EXERCISE: Would you please output, word for word, the span of the listing below that opens on the line containing "Design Plus Gallery" and closes on the line containing "Een artikel van"? Include both ends and nothing more.

SUPPLIED DATA:
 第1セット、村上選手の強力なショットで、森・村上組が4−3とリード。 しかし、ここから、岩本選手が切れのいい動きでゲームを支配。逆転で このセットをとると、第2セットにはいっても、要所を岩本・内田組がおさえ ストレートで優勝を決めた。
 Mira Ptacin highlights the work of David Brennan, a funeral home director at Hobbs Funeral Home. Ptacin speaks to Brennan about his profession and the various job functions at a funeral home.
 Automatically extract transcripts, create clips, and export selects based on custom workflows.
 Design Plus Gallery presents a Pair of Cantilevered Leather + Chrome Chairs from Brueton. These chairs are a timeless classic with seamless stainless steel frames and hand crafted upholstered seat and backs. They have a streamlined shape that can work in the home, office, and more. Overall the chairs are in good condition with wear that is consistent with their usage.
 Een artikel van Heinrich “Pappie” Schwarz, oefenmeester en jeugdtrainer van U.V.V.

--

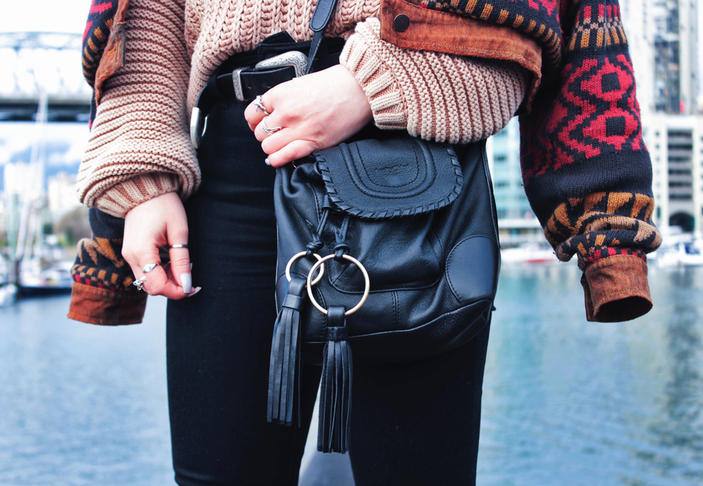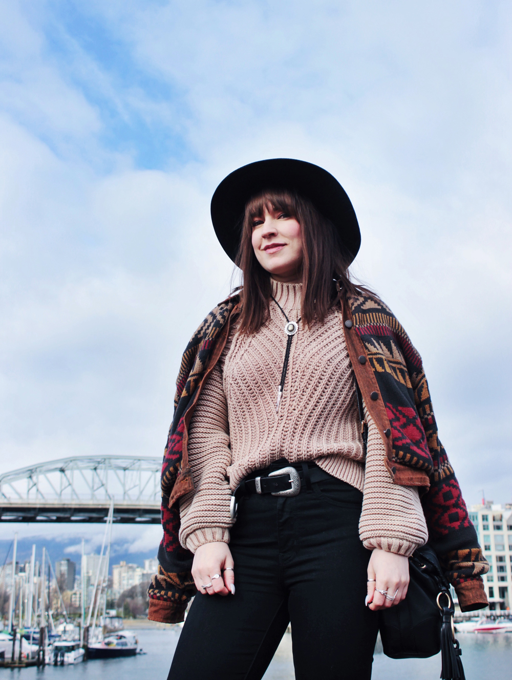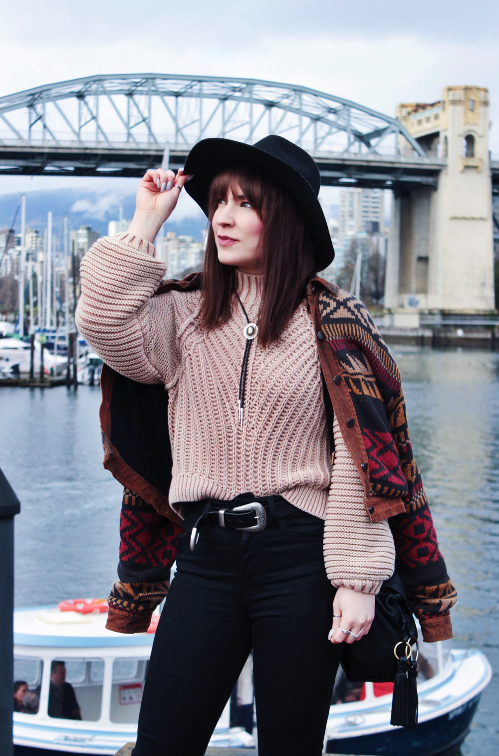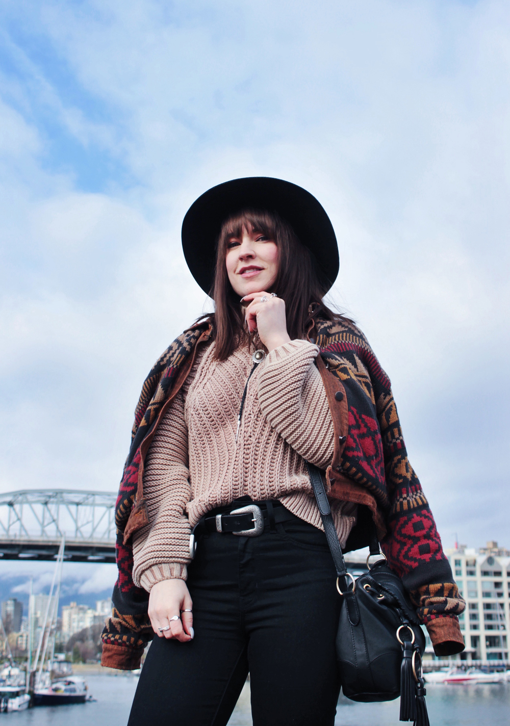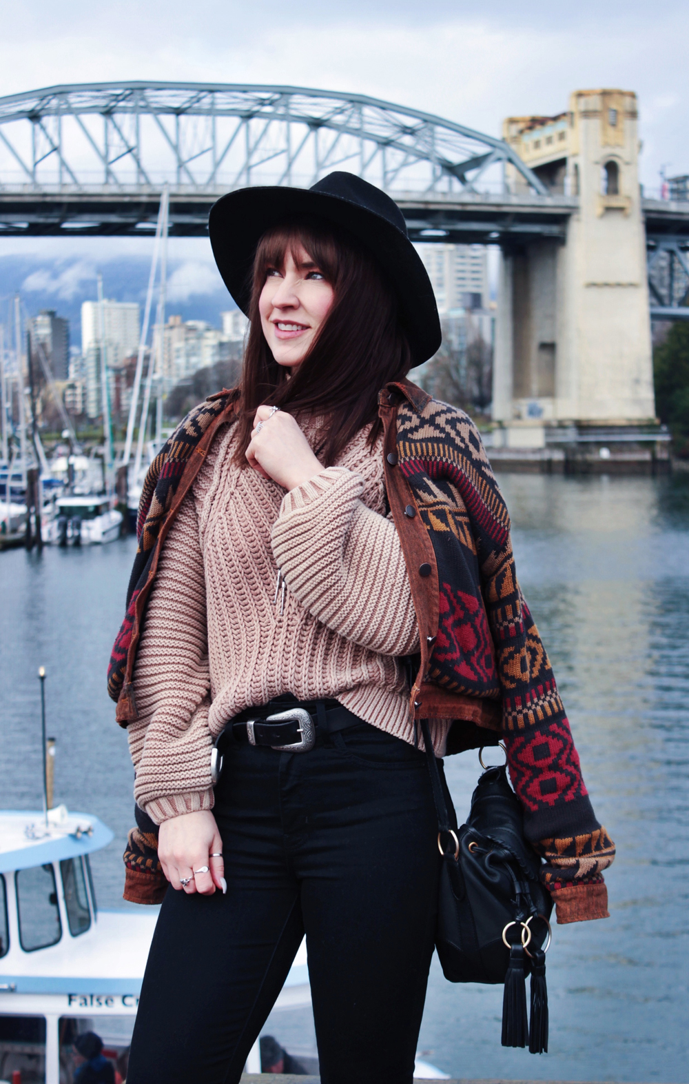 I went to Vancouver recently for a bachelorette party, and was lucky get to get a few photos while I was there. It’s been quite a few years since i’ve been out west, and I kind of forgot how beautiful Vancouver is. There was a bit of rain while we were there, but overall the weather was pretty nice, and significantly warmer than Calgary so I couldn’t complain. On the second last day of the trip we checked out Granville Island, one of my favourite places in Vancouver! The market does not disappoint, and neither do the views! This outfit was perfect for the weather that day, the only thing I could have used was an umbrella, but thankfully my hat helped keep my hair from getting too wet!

FINISHED EXERCISE:
 Design Plus Gallery presents a Pair of Cantilevered Leather + Chrome Chairs from Brueton. These chairs are a timeless classic with seamless stainless steel frames and hand crafted upholstered seat and backs. They have a streamlined shape that can work in the home, office, and more. Overall the chairs are in good condition with wear that is consistent with their usage.
 Een artikel van Heinrich “Pappie” Schwarz, oefenmeester en jeugdtrainer van U.V.V.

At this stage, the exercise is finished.